Cuckoo Finch mtDNA Sequencing and Analysis.

Due to complications associated with nuclear copies of the mt genome in Anomalospiza (48, 49), we amplified and sequenced a portion of the ND2 gene using primers designed to selectively amplify mtDNA only (Anom.L5517mt 5′-TCACCCAAMTAACCMACCCAC-3′, Anom2.H6057 5′-CAGCTGCCATAGCCATATCCTG-3′). We sequenced PCR products using the forward primer only but carefully checked each sequence for ambiguities and confirmed each variable position by comparing all sequences in Geneious Prime 2020.0.4 (https://www.geneious.com). We omitted the first 32 base pairs (bps) of the amplified region due to ambiguities resulting from sequence compression, leaving a 507-bp region for analysis. Among the 145 cuckoo finches we sequenced, there were eight unique mtDNA haplotypes. To provide an approximate timescale for the divergence of cuckoo finch lineages, we combined one representative of each haplotype with existing data (49–51) for the same 507-bp portion of ND2 for representatives of the other parasitic finch genus (Vidua spp.; n = 10), estrildid finches (family Estrildidae; n = 69) and ploceid finches (family Ploceidae; n = 7), and then analyzed the data in BEAST version 2.4 (52). We used a relaxed lognormal molecular clock and calibrated divergence time estimates by specifying lognormal priors on two nodes shared between our data set and the songbird diversification analysis of Moyle et al. (53). We used the following priors to match the point estimates and approximate the 95% highest posterior density intervals: 1) μ = 10.665 MY and σ = 0.101 for the most recent common ancestor (MRCA) of parasitic and estrildid finches and 2) μ = 13.22 MY and σ = 0.074 for the MRCA of parasitic, estrildid, and ploceid finches. The divergence times determined by Moyle et al. (39) are more recent than estimated in other studies (54, 55), making our estimates of divergence times among cuckoo finch lineages conservatively recent.

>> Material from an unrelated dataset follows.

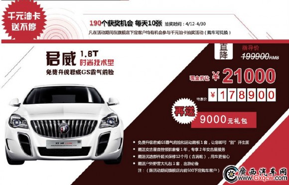 4月來臨,別克天貓再次登場,為您展開一場“別開生面”的特別購車行動。別克君威1.6T時尚技術(shù)型免費升級霸氣前臉,讓您的愛車即可“別”開生面。

Given the relatively small data set, and based on results from jModelTest, version 2.1.5 (56), we implemented a single GTR+I+G substitution matrix for all codon positions. We completed replicate runs, each with the Markov chain run for 50 million generations, and sampled trees and parameters every 5,000 generations, excluding the first 10% of samples as burn-in. Convergence was confirmed in Tracer, version 1.7 (57), and a maximum clade credibility tree was generated using TreeAnnotator, version 2.4 (52).

ddRAD-seq and Analysis.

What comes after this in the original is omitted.